Emerging growth company ☐
If an emerging growth company, indicate by check mark if the registrant has elected not to use the extended transition period for complying with any new or revised financial accounting standards provided pursuant to Section 13(a) of the Exchange Act. ☐
Item 5.02 | Departure of Directors or Certain Officers; Election of Directors; Appointment of Certain Officers; Compensatory Arrangements of Certain Officers. |
On July 31, 2023, the Board of Directors notified Peter R. Buchler, the Executive Vice President, General Counsel, Chief Administrative Officer, Chief Compliance Officer and Corporate Secretary, of Orion Group Holdings, Inc. (the “Company”), that it would not renew his Employment Agreement with the Company, dated January 1, 2015, as amended, which expires on September 30, 2023. With the consent and approval of the Board, Mr.
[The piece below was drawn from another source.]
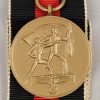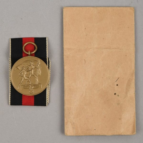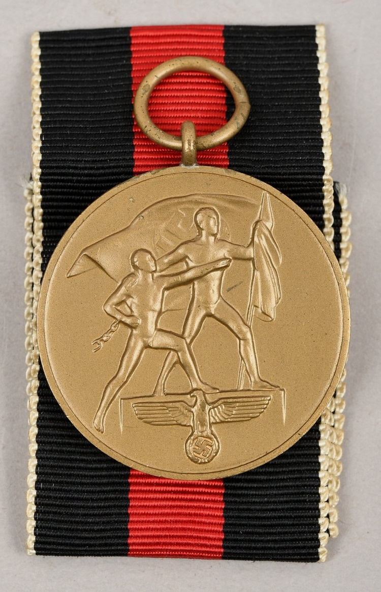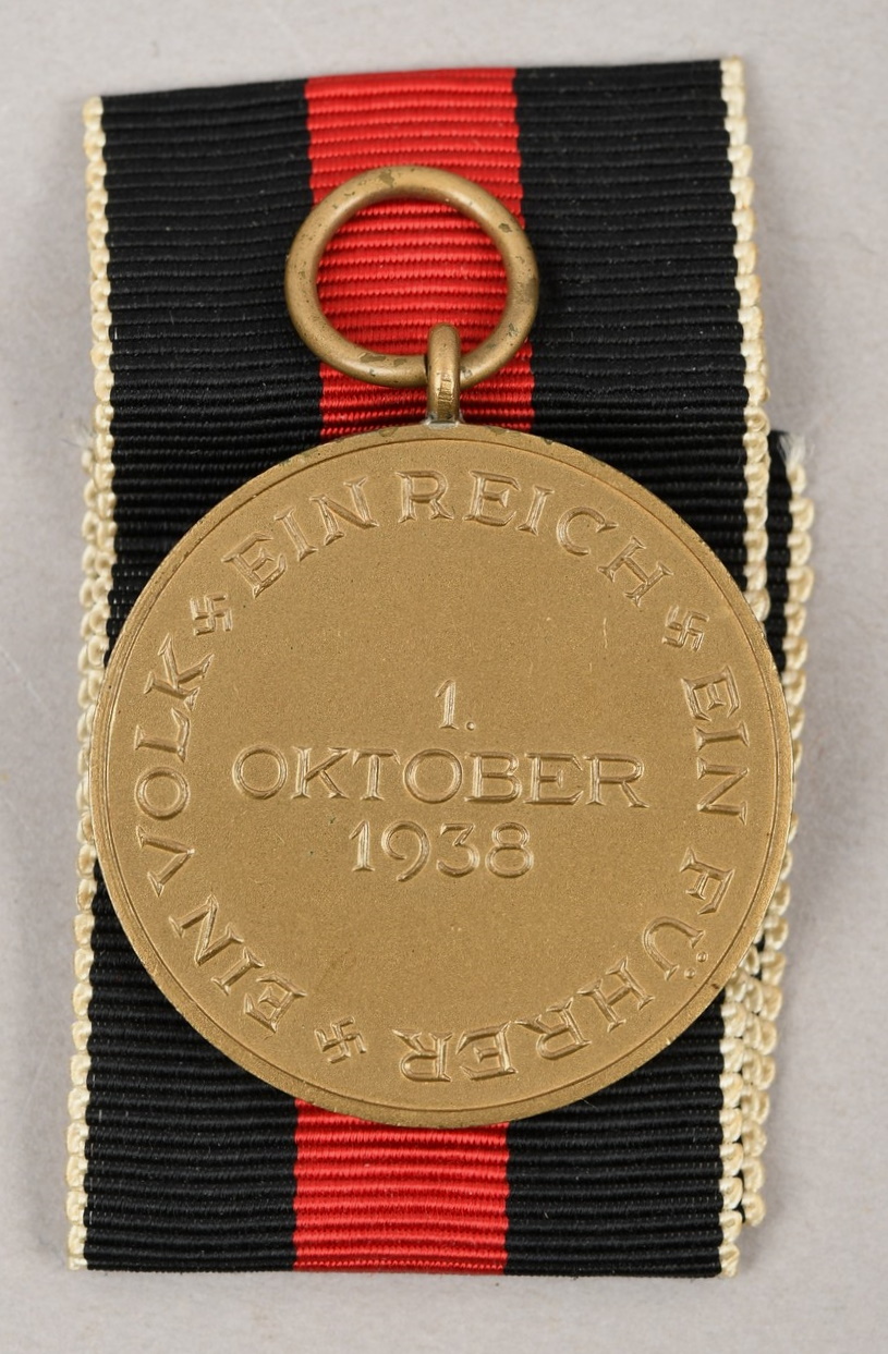 A so called “Sudetenland Medal” constructed of high quality metal, Buntmetal. The medal retains about 99% of its original bronze/gold paint wash. Complete with original ribbon and medal ring. Sewn in place to the ribbon is a functional pin back device. The medal shows minor signs of age and handling.

Buchler will retire from the Company effective upon the later of January 1, 2024, or thirty days after the first day of employment of a new General Counsel (the "Retention Date"), in lieu of immediately resigning for Good Reason under his employment agreement.
Consistent with the terms of his employment agreement, as superseded by the attached letter agreement, dated July 31, 2023. Mr. Buchler will receive severance benefits (including salary continuation and certain other severance payments and allowances) for twelve months following the Retention Date and it has been mutually agreed that (i) although no longer considered a Named Executive Officer of the Company, he will remain eligible to earn a 2023 bonus under the NEO Bonus Plan, (ii) all outstanding restricted stock awards and performance stock awards will continue to vest through the first anniversary of the Retention Date, (iii) all outstanding stock options will continue to be exercisable through the earlier of the 10th anniversary of award or the first anniversary of the Retention Date, and (iv) the Restricted Period under his employment agreement will end on the first anniversary of the Retention Date.
Item 9.01 | Financial Statements and Exhibits. |
The Exhibits to this Current Report are listed in the Exhibit Index, which appears at the end of, and is incorporated by reference into, this Current Report.
Exhibit Index
Exhibit No. |
| Description |
10.1† | | Letter Agreement, dated July 31, 2023, by and between Peter R. Buchler and Orion Group Holdings, Inc. |
104.1 | Cover Page Interactive Data File (embedded within the Inline XBRL document). |
† Compensatory plan or arrangement
SIGNATURES
Pursuant to the requirements of the Securities Exchange Act of 1934, the registrant has duly caused this report to be signed on its behalf by the undersigned hereunto duly authorized.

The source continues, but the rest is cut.